<<<<

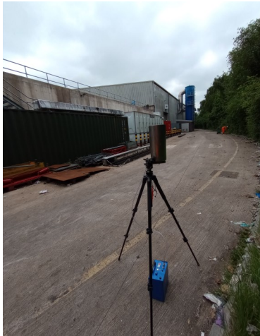
Downwind 002 location looking towards site
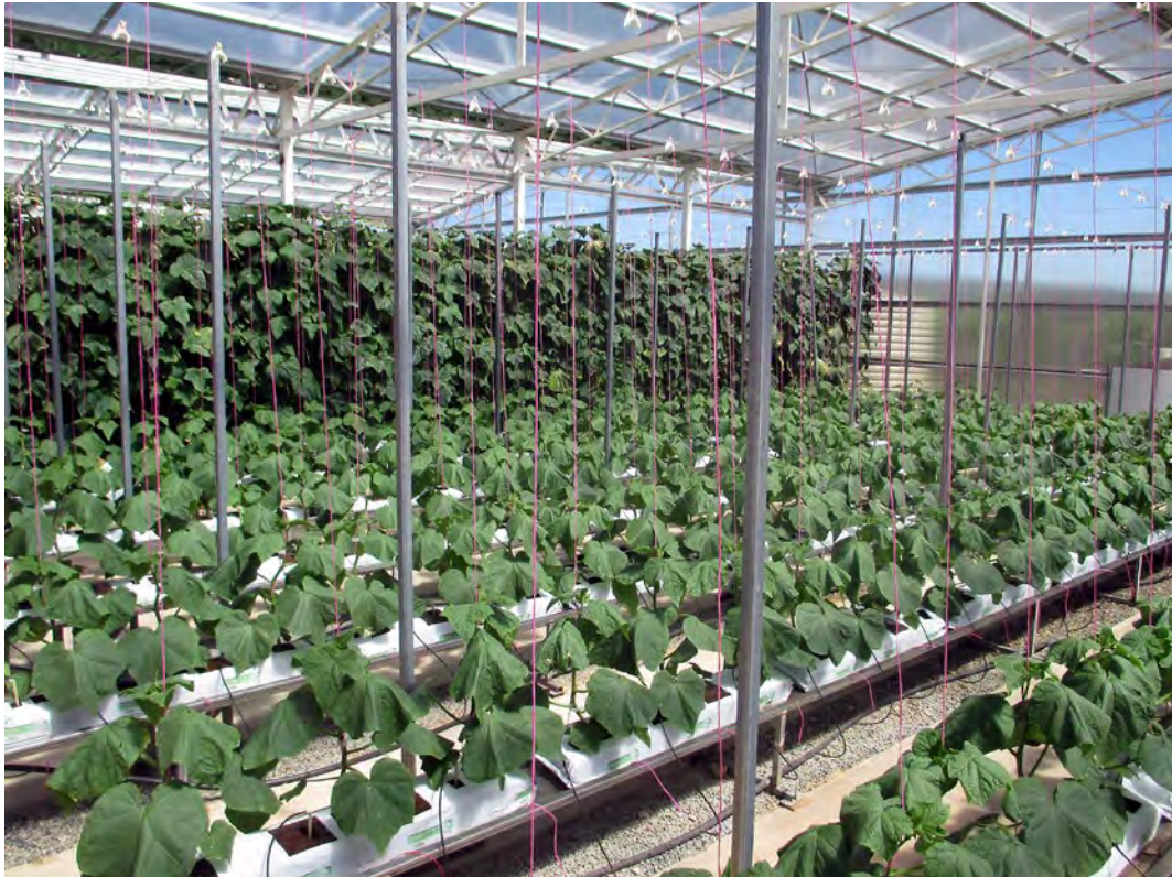
Figure 13: Fresh produce growing in one of the hydroponic sheds. Horticulture is an avenue for skilled employment and vocational training at Karnet, as well as contributing fresh produce for consumption.
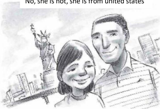
5. A: Are they in Jakarta?

No, she is not, she is from united states
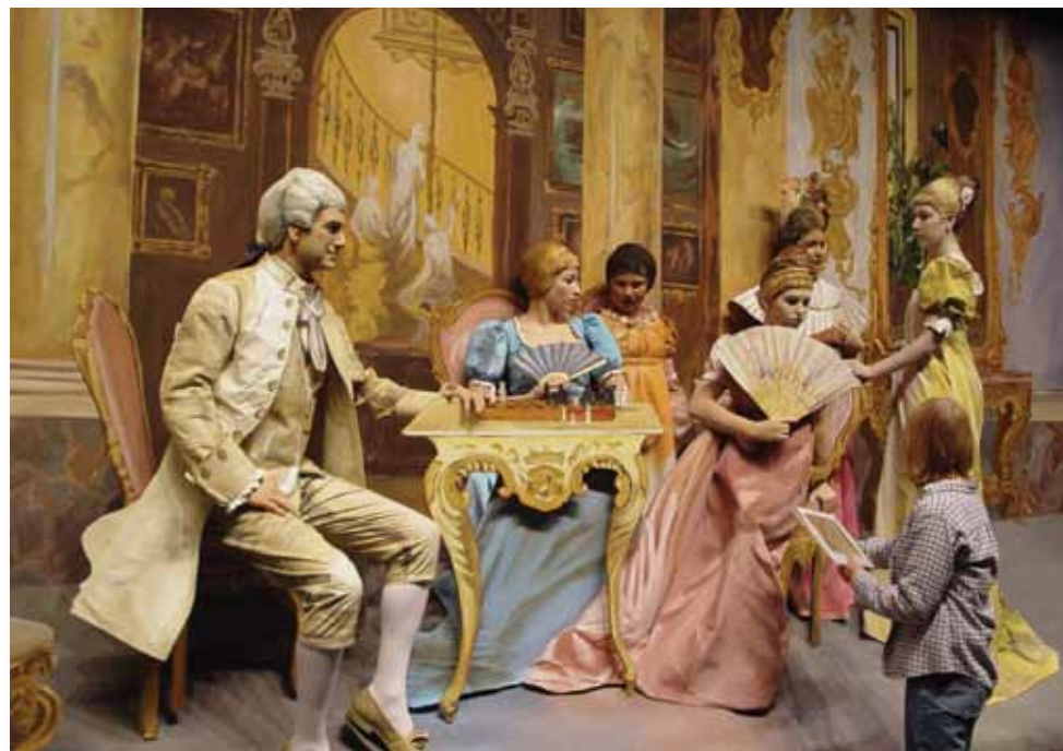
Is that painting alive? Find out at the Laguna Pageant of the Masters...

*Prices include a $100 tax-deductible donation to Sacramento's National Public Radio (NPR) station.
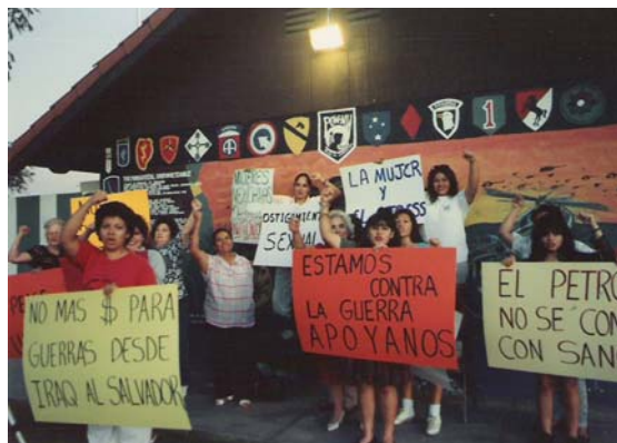
Mujeres Mexicanas & Mujercitas Mexicanas demonstrating against the "Storm" in 1991

Through the words and actions of the interviewees, the original members of Mujeres Mexicanas noted a new model of leadership by in the way the women reflected on possible solutions to their problems. When asked to identify the issues they would like to see addressed (in this case in the form of a radio show), the participants in the study identified the need to receive information about their rights and about community services available to them. They did not want more experts coming to their community and they continued to see little change in a situation where they lacked opportunities and respect for their basic dignity and human rights. The interviewers discovered that leaders must not only respond by listening but must believe that the women themselves are capable of shaping their own lives and destinies. By learning about their histories and gaining new tools and access to available options, campesina women are better able to confront the issues and conditions that limit their life possibilities.
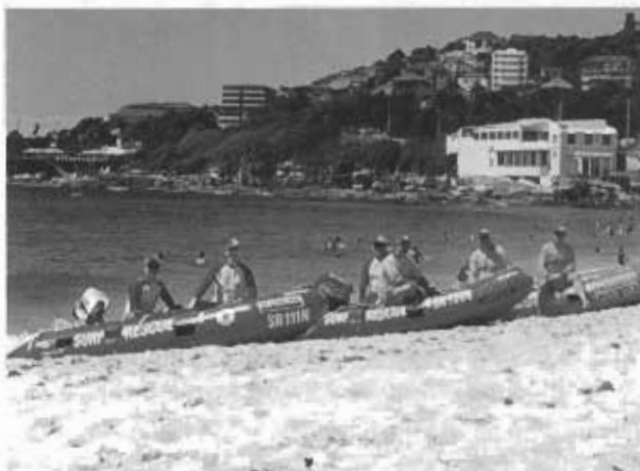
"IRBs on duty."
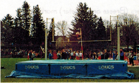
Crystal pole vaulting at St. Olaf.
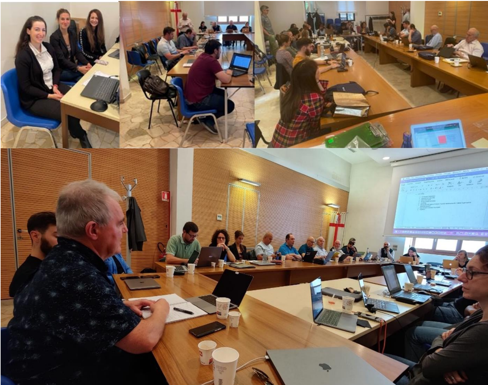
The Ethics team assessing the data gathered from the Ethics survey prepared for the guests in Padova (top left), while the rest of the IMPETUS team discuss the events of the Live Exercise (middle, right and bottom).

The following day, IMPETUS members gathered to discuss the live exercise, one-on-one demonstrations, attendee feedback, and ways to improve the use of the IMPETUS solution for the future.
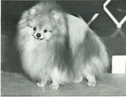
4½ lbs. - Bright Orange Group winner, Sire of Champions Moments from indpls. Airport

>>>>

> Exercise goal
Transcribe the listing above exactly, but only from the line with "5. A: Are they in Jakarta?" through the line with "Mujeres Mexicanas &". Include both of those lines and omit the pictures.

> Exercise answer
5. A: Are they in Jakarta?

No, she is not, she is from united states
Is that painting alive? Find out at the Laguna Pageant of the Masters...

*Prices include a $100 tax-deductible donation to Sacramento's National Public Radio (NPR) station.
Mujeres Mexicanas & Mujercitas Mexicanas demonstrating against the "Storm" in 1991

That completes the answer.